I'm sitting here trying to think of what to write for this, but it's pretty obvious there really isn't much point. Recent events have shown a few home truths. If I speak my mind, even in a private conversation, I get in trouble for it, regardless of how true those statements are, yet other members of the command staff are allowed to get away with consorting with rDB people as well. Then we have the never-ending stream of emails from myself and the Fleet Commander about reports, about rosters, about doing this, about not forgetting to do up your fly before you walk out the door and so on.

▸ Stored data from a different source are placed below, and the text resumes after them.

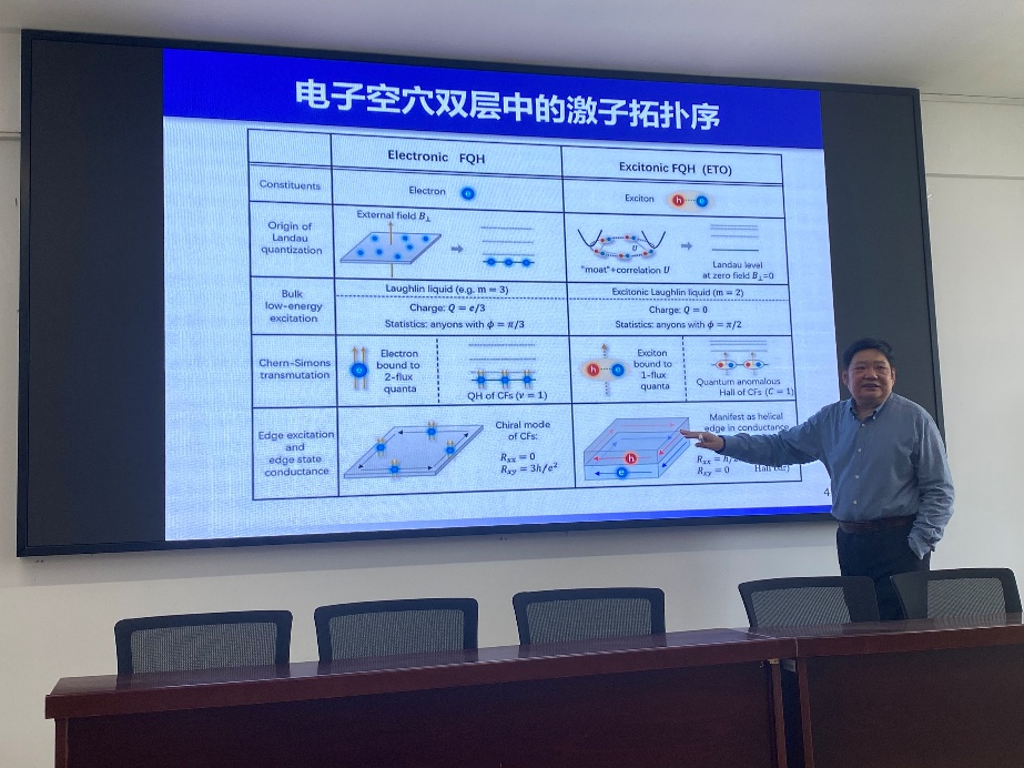 王伯根首先从电子-空穴不平衡的双层体系阻挫效应切入,阐释该效应通过诱导强量子涨落,可形成比传统FFLO态更稳定且具备长程量子纠缠特性的分数量子霍尔态—激子拓扑序。随后,他重点分析了零磁场条件下激子阻挫导致的体能隙、手征激子边缘态及其输运现象的突破性实验进展,相关成果为激子体系中分数量子霍尔态的存在提供了关键证据。互动环节中,与会师生围绕硬核玻色子模型、量子霍尔效应等前沿议题与王伯根展开深入交流,现场学术氛围热烈,参会师生表示深受启发。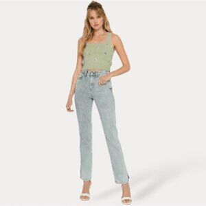 Stylish light green knit tank top by English Factory. Features charming floral embroidery, ribbed trim, square neckline and a soft feel.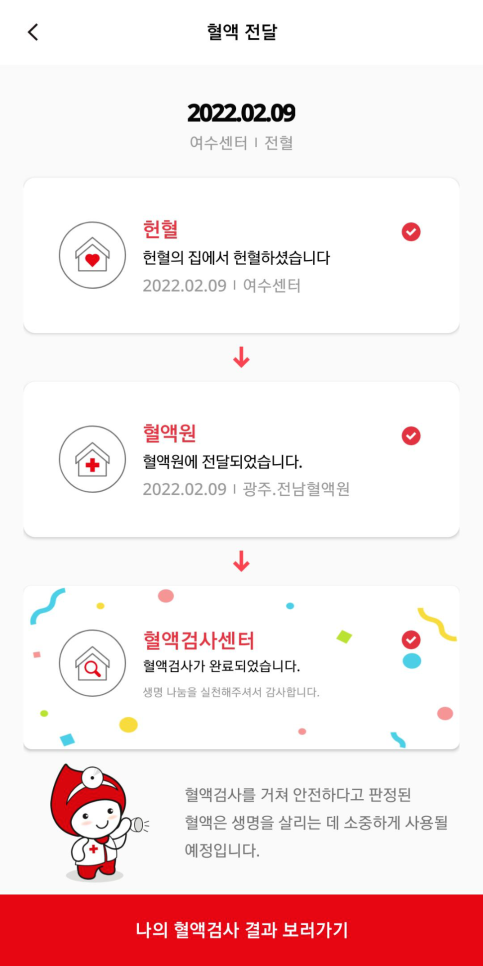 이번에 했던 여수센터에서 광주, 전남혈액원으로 가서 혈액검사까지 완료가 되었다고 왔습니다!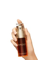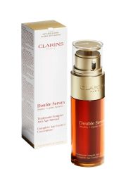 - Clarins Double Serum 30ml or 50ml is a Complete Age Control Concentrate formulated to help work on the 5 vital skin functions for visibly younger looking skin. Clarins Double Serum acts on the appearance of major signs of skin-aging and contains 21 active plant extracts, including turmeric. Turmeric is renowned for its exceptional anti-aging properties. The bottles rotating push button delivers a made-to-measure dosage of serum. Skin is left looking more radiant, firmer, and fine lines are smoothed.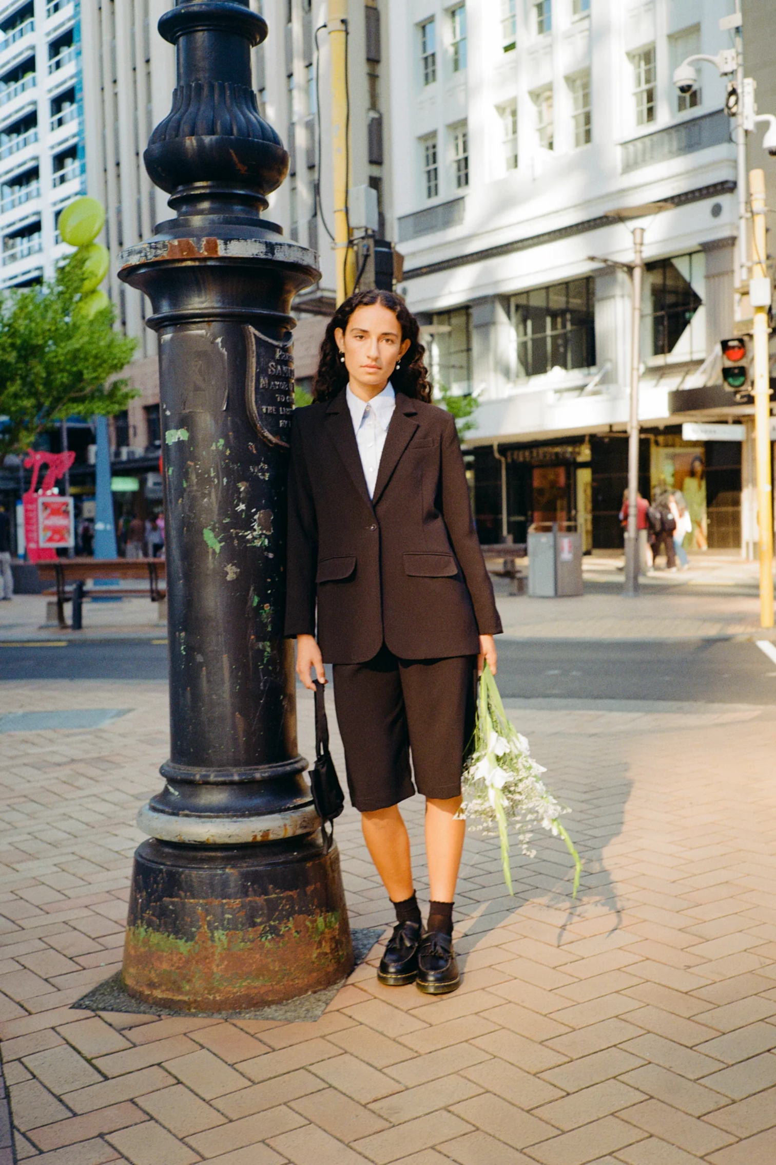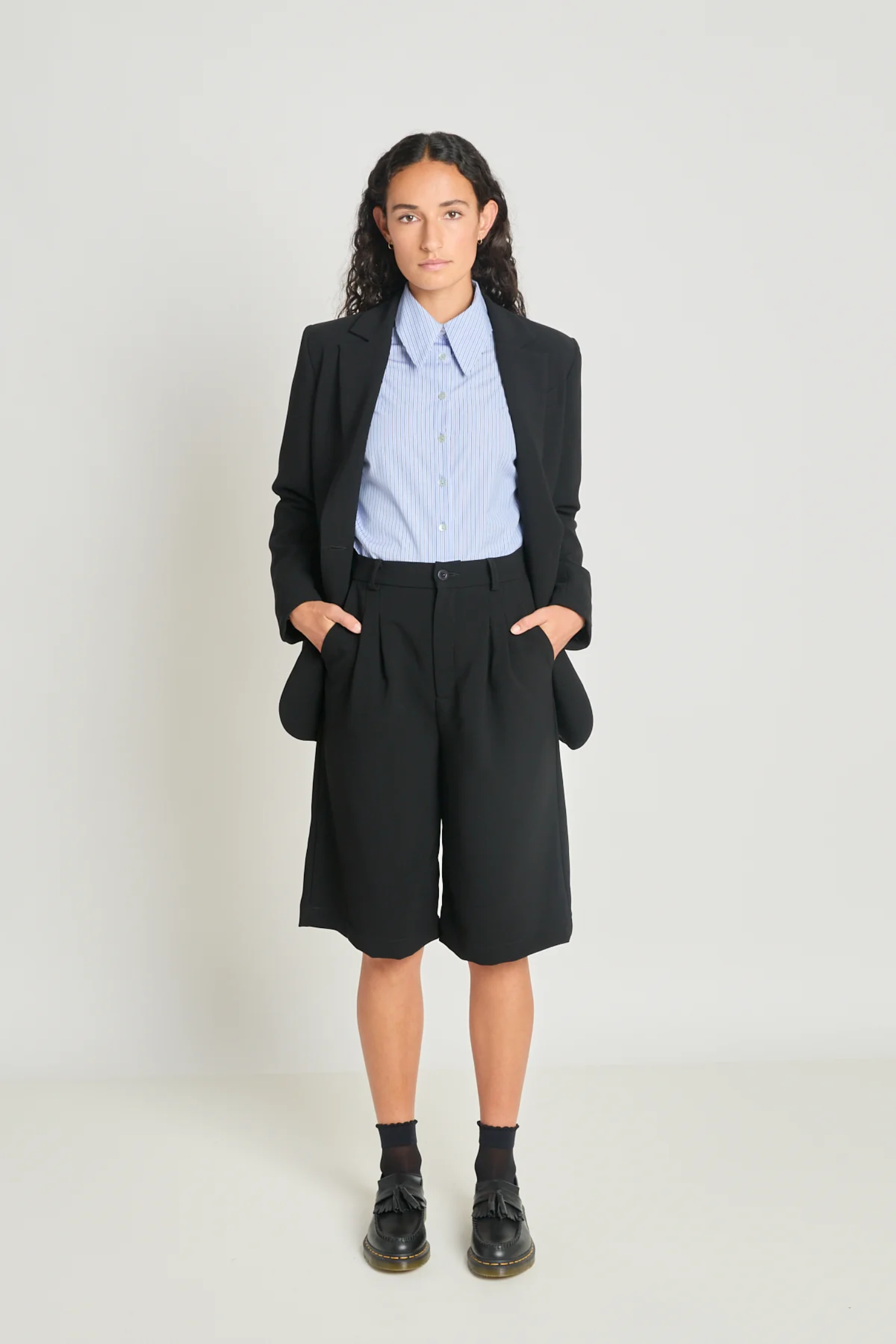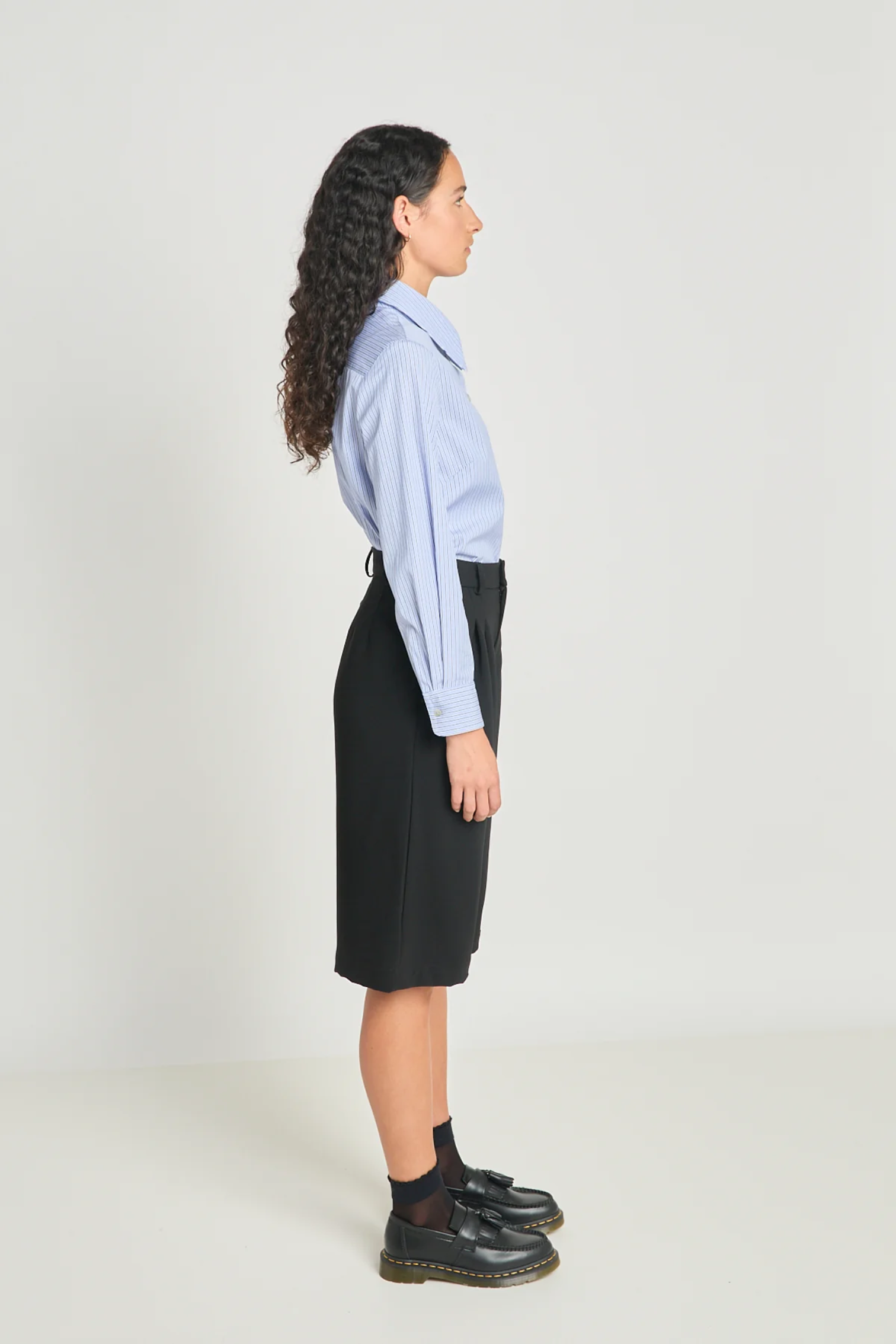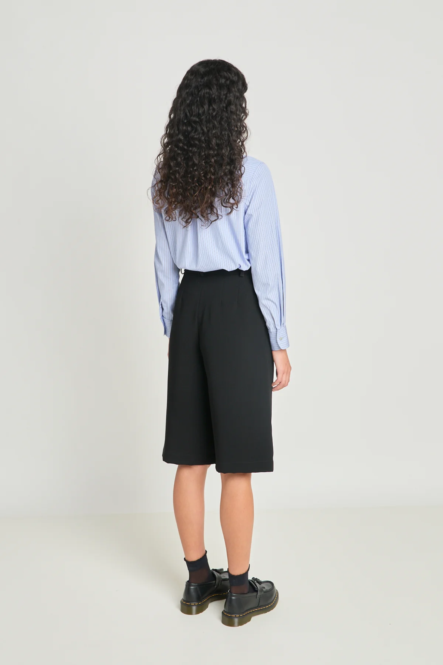 We've got a good feeling about these. The Seventh sense shorts are high-waisted short trousers with a set waist, loose-leg, pockets and belt loops. Cut in our favourite soft Japanese triacetate blend with beautiful drape and handfeel.

The fact of the matter is the me that joined the EH is vastly different to the me now. When I joined the EH, I was doing a Diploma of IT and had a lot of free time. The Diploma was easy for me, with little homework allocated and the free time was rapidly consumed by the shiny new internet connection I had at the day (wow, 100megs a month!). Things changed and I had even more free time, due to unemployment. Now things are different. For the last year or so, I've been working, most of that full time. The last two Saturdays were spent doing work too. At the start of this month, I was given direct employment as a full time employee of the organisation I work for. I go to work and put up with people too dumb to check if their caps lock key is on when they can't login or to see if the monitor is actually switched on when "nothing comes up on the screen!". I put up with co-workers who work in a Christian orientated social services organisation meant to help society, yet they're such cheap bastards that they won't even cough up $5 to help a co-worker with a parking fine. Then I come home to the EH.

I come home to an EH where I'm blamed for a database that isn't being made fast enough, by people who've never done ASP/database work in their life. I get blamed by people who don't realise that I coded much of the DB site in my Christmas break and two long weekends, 600k of code, the equivilant of well over 100 pages of text. How many of you could claim to have written a story that long in 6 months? Not many, I bet. Even while that goes on, even while the business with Mirei happened and then the rDB thing and now my recent HCI-enforced leave, all those times when I needed you guys, people who, in most cases, I hand picked myself, when I needed you people to be there to do your job that extra bit better, I'm felt let down slightly.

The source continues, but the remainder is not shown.